Chronique familiale
3étoile(s) 3étoile(s) 3étoile(s) 3étoile(s) 3étoile(s)

PUDOR

David et Tristan Ulloa (Espagne 2007 - distributeur : ABC distribution)

Nancho Novo, Elvira Minguez, Natalia Rodriguez

113 min.
4 juin 2008
PUDOR

Il n’y a pas que chez Ibsen, Strindberg et Pirandello que les cœurs crient famine.

Bien éloigné de la facilité roborative des romans à succès d’Anna Gavalda ou Katherine Pancol (*), le premier long métrage des frères Ulloa (**), adapté d’un beau livre de Santiago Roncagliolo (***), raconte la vie d’une famille dont chacun des membres est à la recherche de quelque chose - au fond de la même chose - qui se dérobe même si parfois, furtivement presqu’avec culpabilité, ils ont l’impression d’avoir capté ce qui leur manque.

Cinq personnages en quête de mots. A dire, à partager avec ceux qui leur sont proches ou du moins qui devraient l’être puisqu’ils habitent sous le même toit.

Des mots qui précisément font défaut à cette tribu qui vit ensemble mais séparée par les peurs et angoisses de ceux qui la constituent à se montrer tels qu’ils sont, vulnérables, insatisfaits et malades.

De ces maladies, qui comme le cancer dont souffre le père, rongent de l’intérieur.

« Pudor » est un film complexe, qui brasse désirs et imaginaires - celui d’une épouse qui s’invente un amant, d’un petit garçon qui voit des fantômes, d’un grand-père qui rêve de tomber amoureux - pour décrire des simili-vies bâties sur des cris de détresse refoulés.

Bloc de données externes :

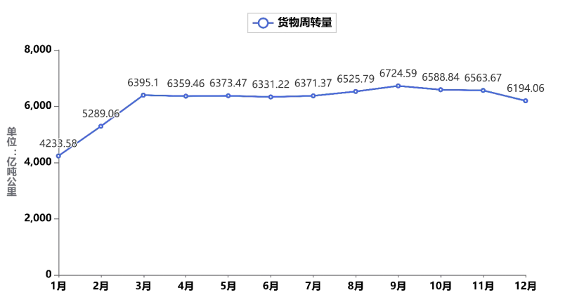2023年分月額定噸位周轉量(來自交通運輸部)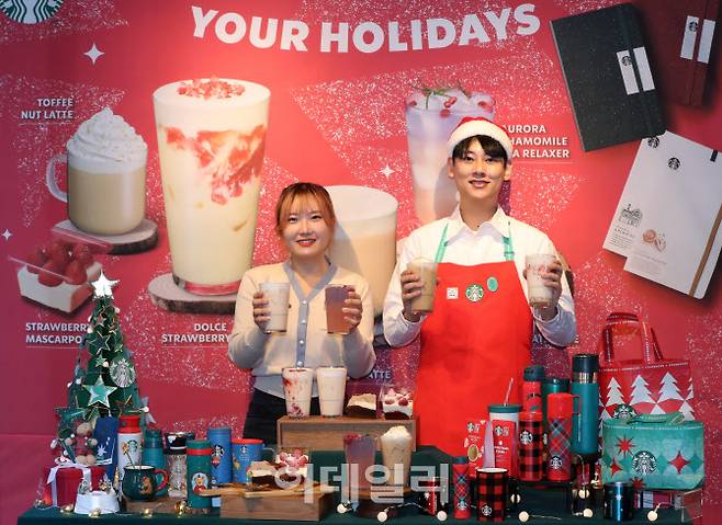 [이데일리 방인권 기자] 스타벅스 코리아가 1일 서울 중구 스타벅스 한국프레스센터점에서 연말 겨울 시즌을 알리는 신규 음료를 선보이고 있다.

Il y a dans « Pudor » un je ne sais quoi de dur et de sensible qui cogne au cœur du spectateur.

Le laissant amer face à cette famille, reflet d’une société moderne dysfonctionnante qui nous enferme, si on n’y prend garde, dans des tiroirs, illusoires remparts où s’abritent les incapacités à communiquer, à oser le risque du dialogue, le parti pris de la nudité affective.

Dans ce film à fleur de peau, il y a un mal-être palpable mais aussi la reconnaissance modeste certes mais ébauchée d’une issue à la solitude des personnages : cesser de cultiver des secrets ou de croire que l’autre ne nous comprendra jamais.

Le cinéma espagnol est connu pour ses films d’horreur bien ficelés - « Abre los ojos » d’Amenabar, « Rec » de Balaguero & Plaza, « El orfanato » de Bayona.

Sans relever à proprement parler du même genre cinématographique « Pudor » nous parle lui aussi, avec une certaine sécheresse parfois ironique, de violence.

Celle vécue au quotidien par des gens que la frustration et le silence peuvent conduire à une forme de folie.

"Pudor" a obtenu l’Olivier d’Or au festival Européeen 2008 de Lecce pour " ... son approche d’une notion en constante transformation : la famille". (m.c.a)

 
(*) « Ensemble c’est tout », « Les yeux jaunes des crocodiles », tous deux parus en poche
(**) Tristan l’aîné qui a notamment interprété le rôle de Lorenzo dans « Julia y el sexo » de Julio Medem et le cadet David, connu pour avoir réalisé des segments de la série télévisée à succès « El comisario ». Tous deux ont déjà réalisé de concert en 2002 un court métrage « Ciclo ».
(***) Ecrivain chilien qui vit actuellement en Espagne, scénariste de télénovelas, journaliste d’investigation et politique, son roman "Avril rouge", vient de sortir en traduction français au Seuil. Il aborde sous la forme d’un magistral thriller la lutte menée par un procureur péruvien contre les activités terroristes du Sentier Lumineux.